Well if the issue is at Google then maybe "blaming" isn't really the right word. No need to be rude.

I might as well make the same argument for your sites.

- Your sites have been down for 3 hours now, and you're blaming someone else?



Yes, it is our fault for believing Netlify had contingency plans as hosting is their core business. We're fixing this mistake now so that our customers don't have the same experience.


By the same line of reasoning, your customers could be faulted for believing you had a contingency plan.


Nobody is telling parent's customers how to feel. But the OP suggests that Netlify customers should be faulted for choosing the the wrong setup.

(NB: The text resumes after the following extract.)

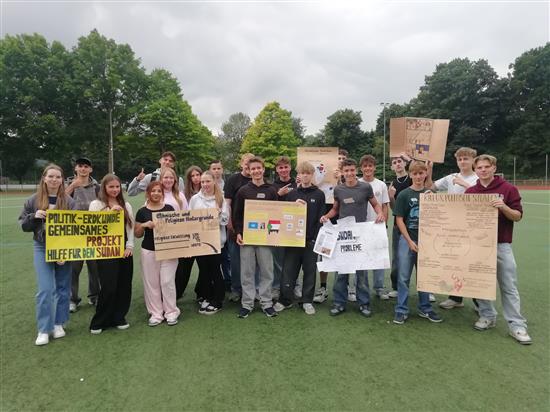 Am Dienstag, den 08.07.2025, organisierten wir – die damalige Klasse 10A – einen Spendenlauf zugunsten der zivilen Opfer des Sudan-Konflikts. Zuvor hatten wir uns im Unterricht intensiv mit dem Thema auseinandergesetzt. Dabei wurde uns deutlich, dass dieser Krieg in Politik und Medien kaum Beachtung findet und das Leid der Betroffenen häufig übersehen oder gar verdrängt wird.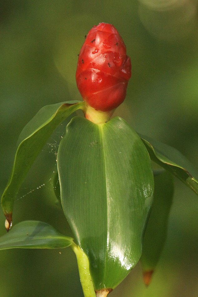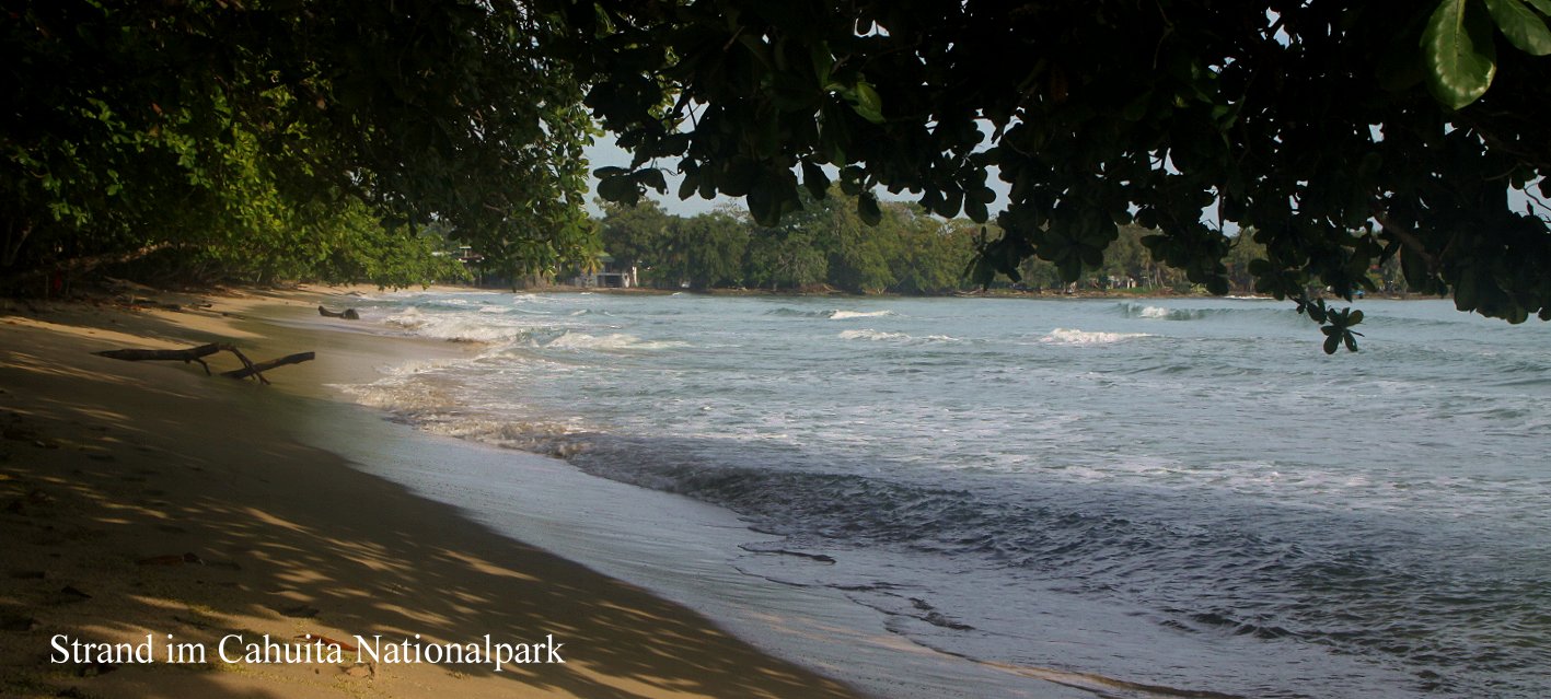 Wir entrichteten eine kleine Spende von 10,- $ und wanderten langsam durch den Dschungel, immer links unter den dichtbelaubten Bäumen die Brandung des Atlantiks im Blick. Zahlreiche Blattschneiderameisen kreuzten unseren Weg, teilweise große grüne Blattstücke, bzw. kleine Blütenblätter transportierend. Die Sonne schien vom blauen Himmel, der aber durch das dichte Blätterdach über uns verdeckt war, so dass trotz der enormen Luftfeuchtigkeit die Temperaturen einigermaßen erträglich waren. Ein Eichhörnchen hüpfte von Zweig zu Zweig. Immer wieder trafen wir auf tropische Pflanzen mit prächtigen farbigen Blüten. |

Broken trust goes all the way down the chain, which is why the middle links have every reason to get ticked off.


The difference is that Netlify communicated the risks to its customers, something other parts of the chain apparently did not do, in addition to not evaluating the risks presented to them by Netlify.


Did you read the docs [1] before writing this? Putting a "(recommended)" on one branch of configuration instructions isn't the same as saying that the other option has a single point of failure. Also, people on both sides of a service don't have the same responsibilities - that's the whole point of the service.

Communicating about risks OR outages are both hard, and every company has both. I'm actually a happy (though impacted) Netlify customer. But it's completely bizarre to me to try to invalidate this customer's complaint.

[1] https://web.archive.org/web/20200303050851/https://docs.netl... (search "flattening")


Yes, I’ve visited that page before today. I admit my familiarity with these DNS setups may have made the tradeoff jump out at me. No problem invalidating the complaint.